====== Source data

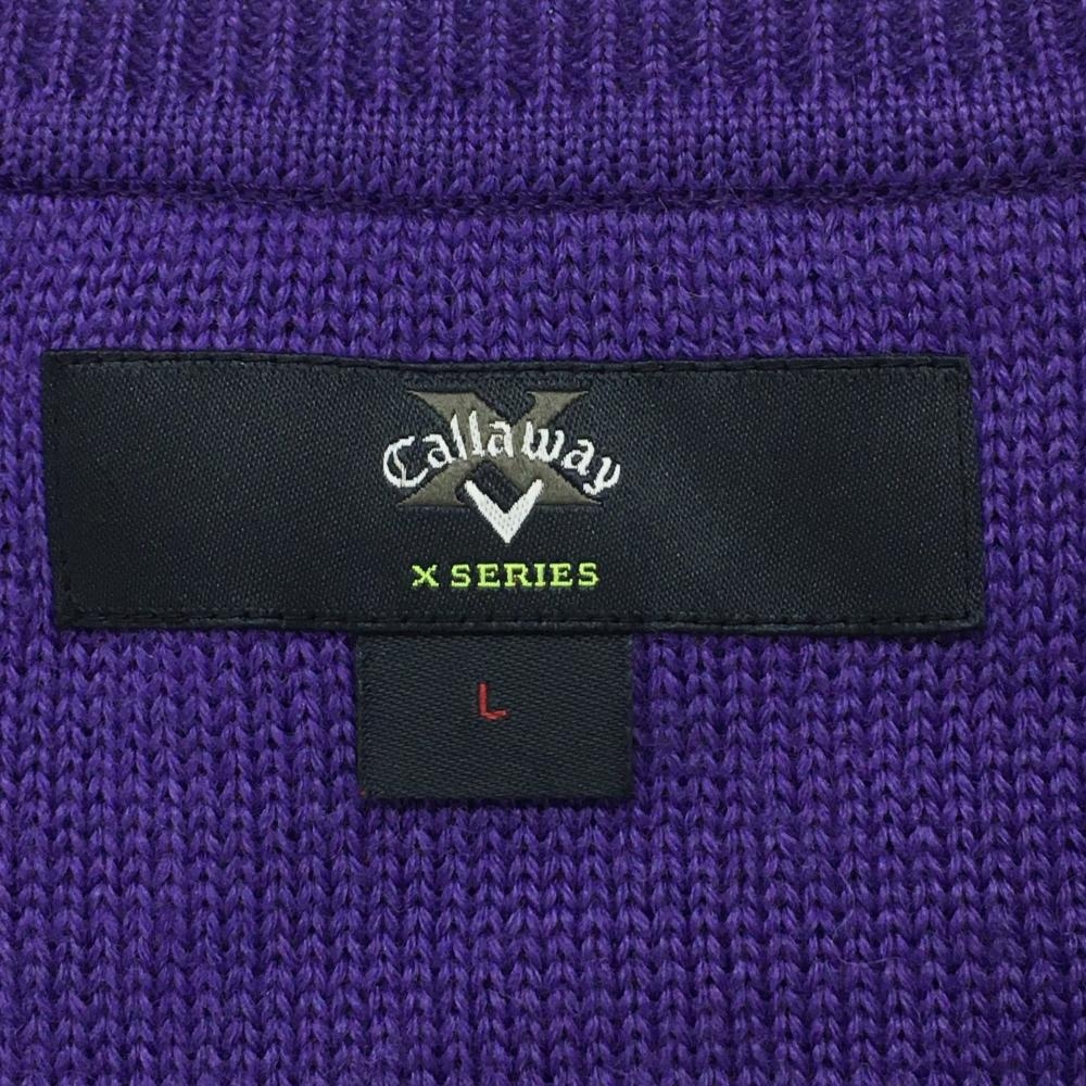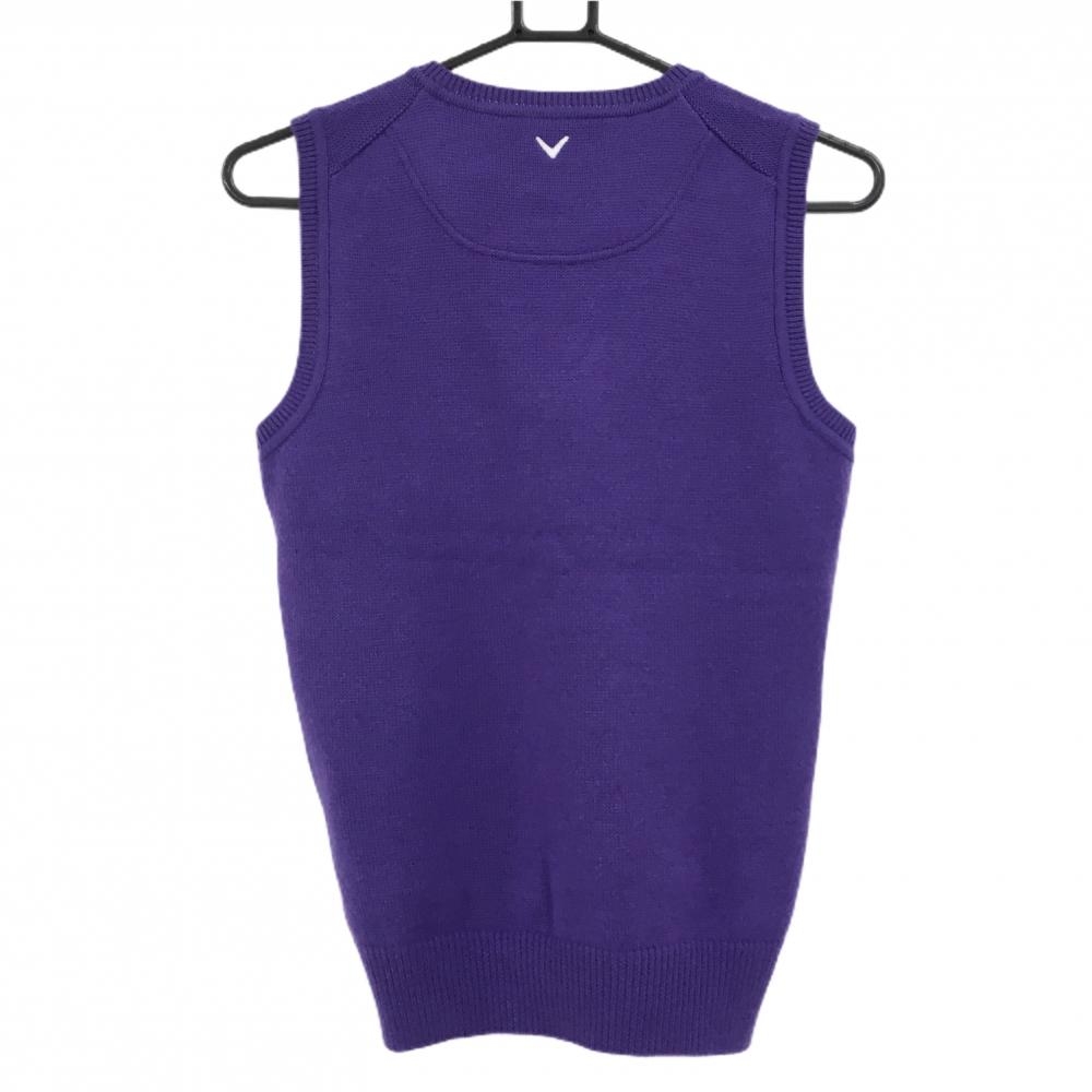 キャロウェイ ニットベスト パープル Vネック 一部ダイヤ柄編み ロゴ刺しゅう レディース L ゴルフウェア Callaway
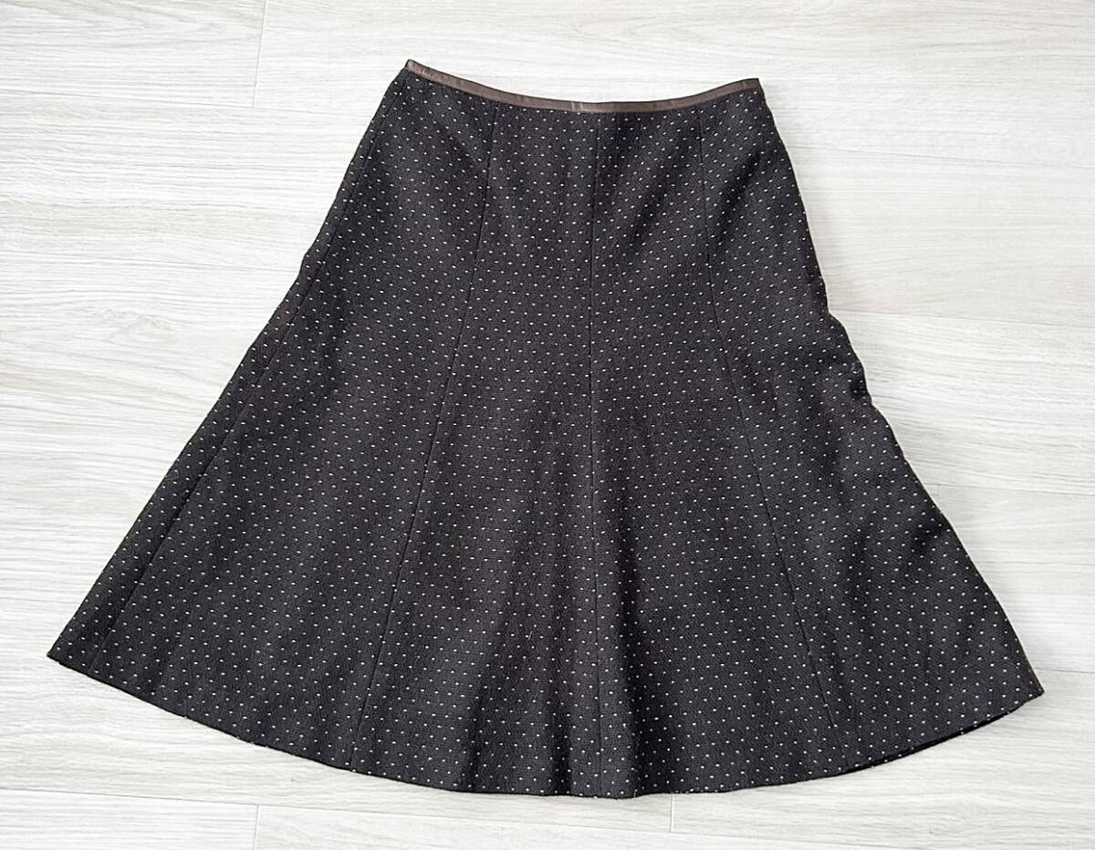 - 送料無料♪HusHush フレアスカート ひざ丈 ウール混 ブラウン地 Mサイズ 秋冬 ハッシュアッシュ
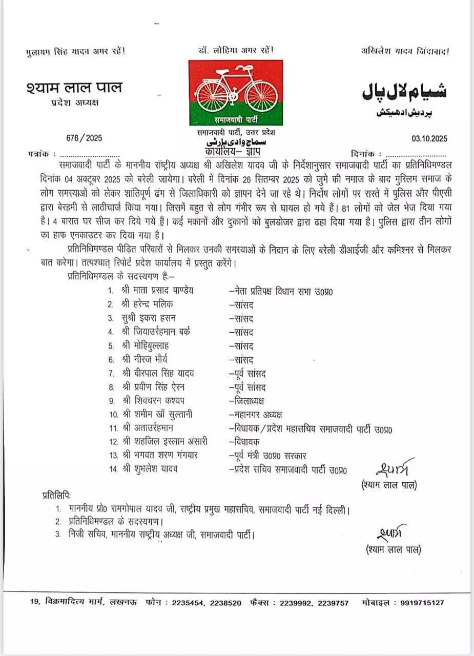 बरेली हिंसा: बाहरी नेताओं की नो एंट्री, सपा प्रतिनिधिमंडल रोका गया; शहर में धारा 163 लागू

============

▸ What is expected: Leave out all pictures and extract exactly the lines from the line with "- 送料無料♪HusHush フレアスカート" through the end of the material.

▸ Solved problem:
 - 送料無料♪HusHush フレアスカート ひざ丈 ウール混 ブラウン地 Mサイズ 秋冬 ハッシュアッシュ
 बरेली हिंसा: बाहरी नेताओं की नो एंट्री, सपा प्रतिनिधिमंडल रोका गया; शहर में धारा 163 लागू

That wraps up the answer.